Chad Chilton would have said,
You think THAT hurt? Try THIS.
“What’s her name again?” Olivia asked, a pair of spelt loaves under each arm. She had on a frilly white dress and black Mary Janes.
“Eleanor. Ellen,” I said nervously. The ducks milled around our feet, ignoring the bread. They also milled around Chopper, whose leash was tied to the bench post. Neither tooth posed much of a threat. After a while, a bird landed on Chopper’s head, casually pecking around. He looked up at me, tired, long-suffering. I pictured him wearing a toga and an olive branch.
“Maybe she won’t come,” Olivia said.
“Entirely possible,” I agreed.
Chopper woofed. Not a single bird moved. It was already hot at eight in the morning, the sun low and strong.
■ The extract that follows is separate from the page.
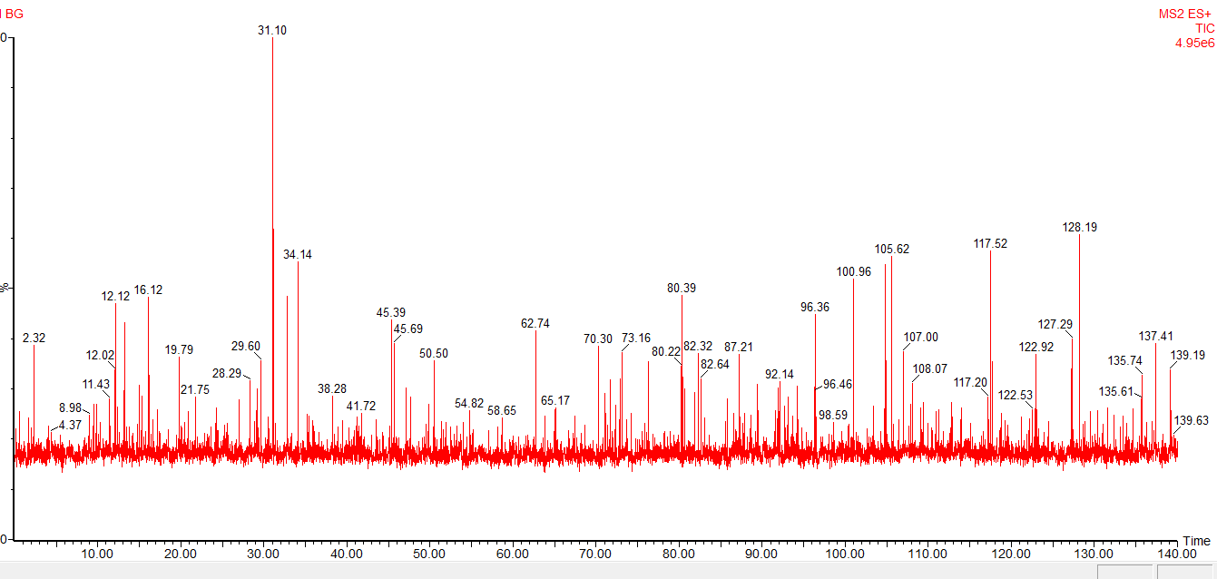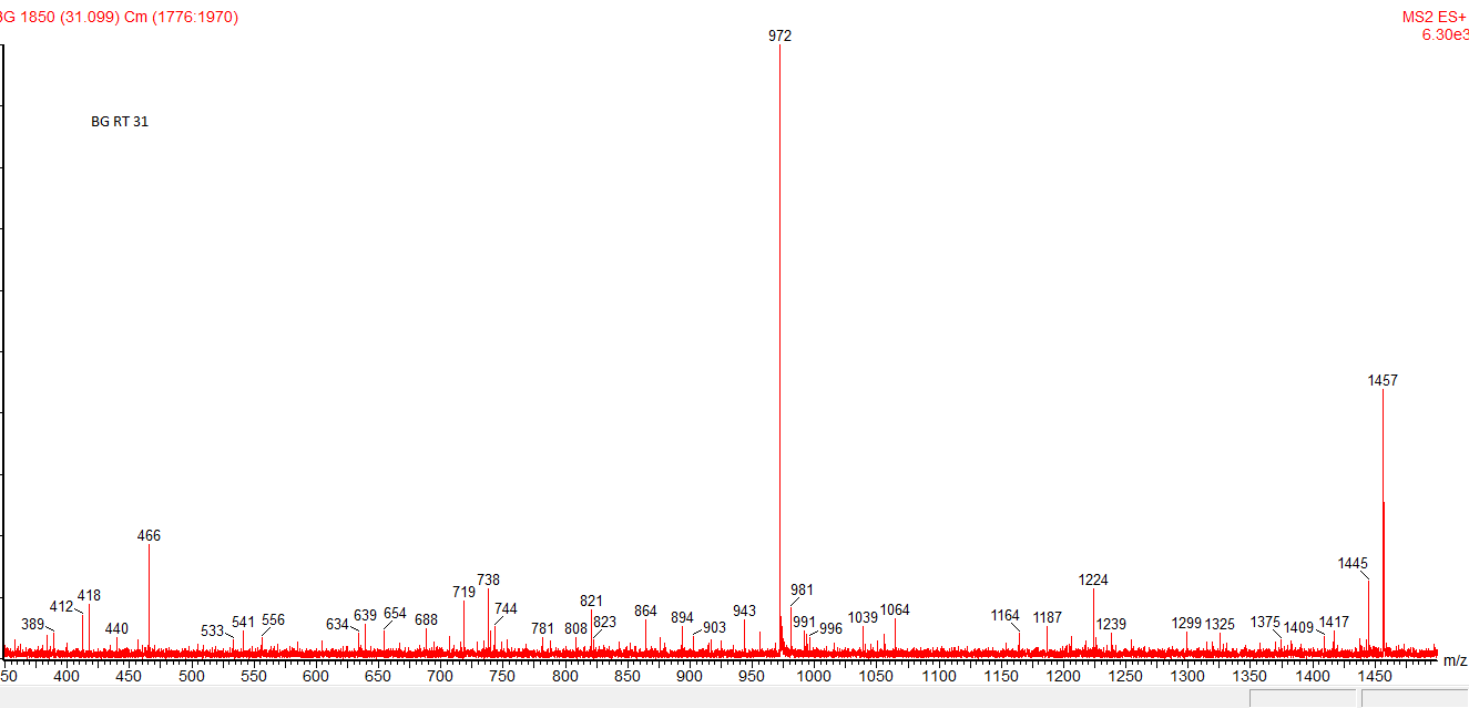 Mass spectra of each peaks with specific retention time indicated peptides with certain fragmentation pattern. Fig. 4 was an example of fragmentation pattern of peptides obtained from porcine gelatin digested with trypsin at retention time (tR) of 3.1 with main peak with maximum abundance at m/z = 972, along with other ion fragments.
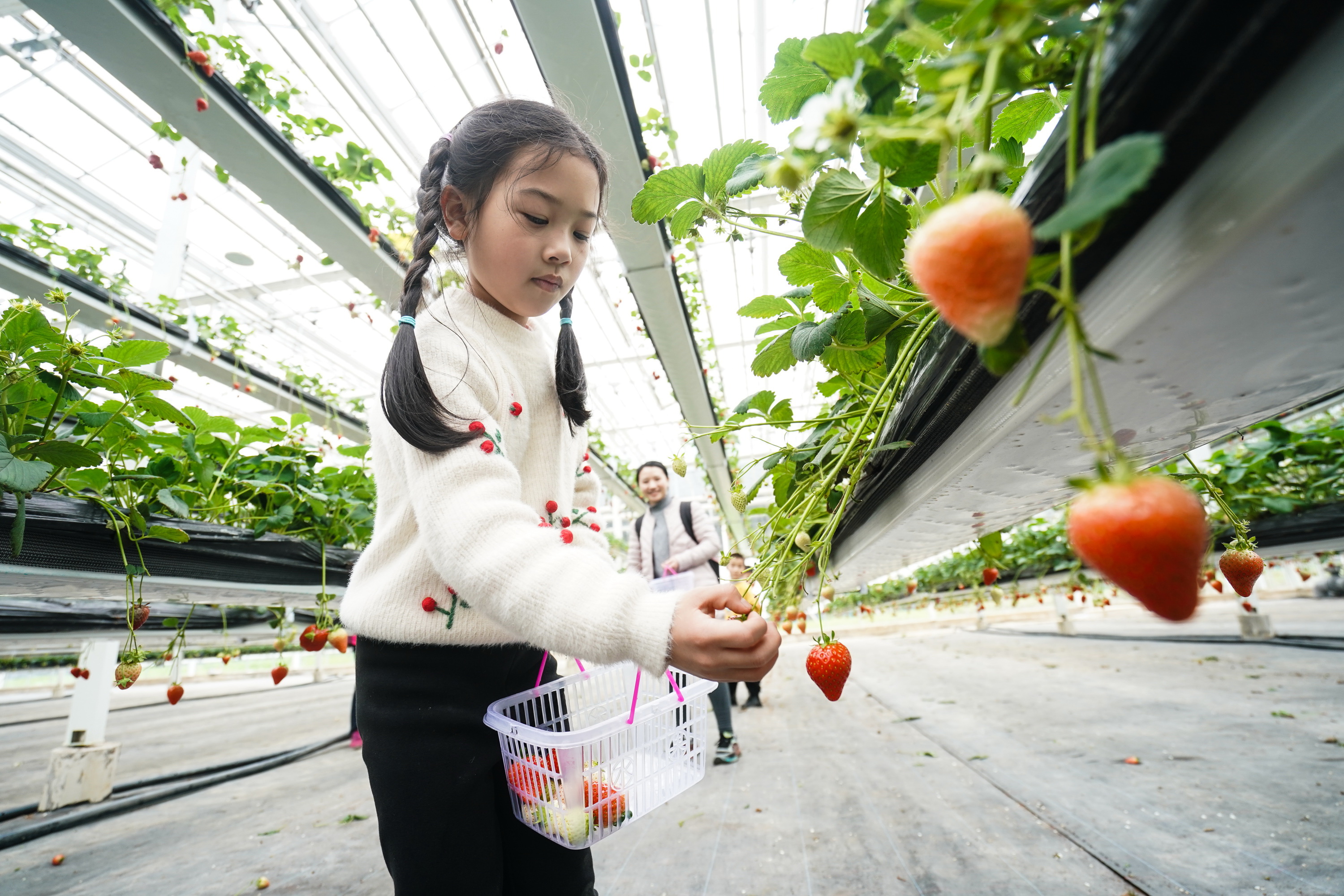 ↑在南京市溧水区傅家边精品草莓生活馆,游客在采摘草莓。新华社记者季春鹏摄

It was also very late, as far as prime duck time was concerned. By nine they generally huddled in the center of the lake and more or less ignored people, bread-laden or otherwise.
“Stanny?”
“Can you call me Stan, hon? At least in front of Ellen?”
“Sorry,” Olivia said. “I forget.”
“Forgot. It’s okay.”
“What’s okay?” Ellen asked, emerging from behind a pair of oaks, carrying a loaf of Wonder Bread.
“You’re here,” I said. A statement.
“She’s here!” Olivia yelled, and then did a little jump.
“This is the Big O,” I said, introducing Olivia.
“No, it’s not! That’s not my name!” she cried.
“Hi, Big O,” Ellen said, and gave Olivia a big hug.
I wanted a big hug.
Chopper woofed softly. He did, too.
Olivia gave me the thumbs-up, over Ellen’s shoulder.
“What a cute dog!” Ellen said.
Chopper was not cute. He was the mathematical opposite of cute. He was ugly. As sin. Or uglier. I began to question Ellen’s taste (quick analogous formula: If Chopper is to Cute as Stan is to Datable, then Stan = ____ ).
“C’mon, Ellen!” Olivia yelled, grabbing her by the hand and pulling her toward the water. Ellen looked back, allowing herself to be led, and gave me a smile. It was a smile that dispelled all doubt. It was a smile that caused car accidents and inspired sculptures and made grown men gnash their teeth. It should have been illegal. I was officially ruined.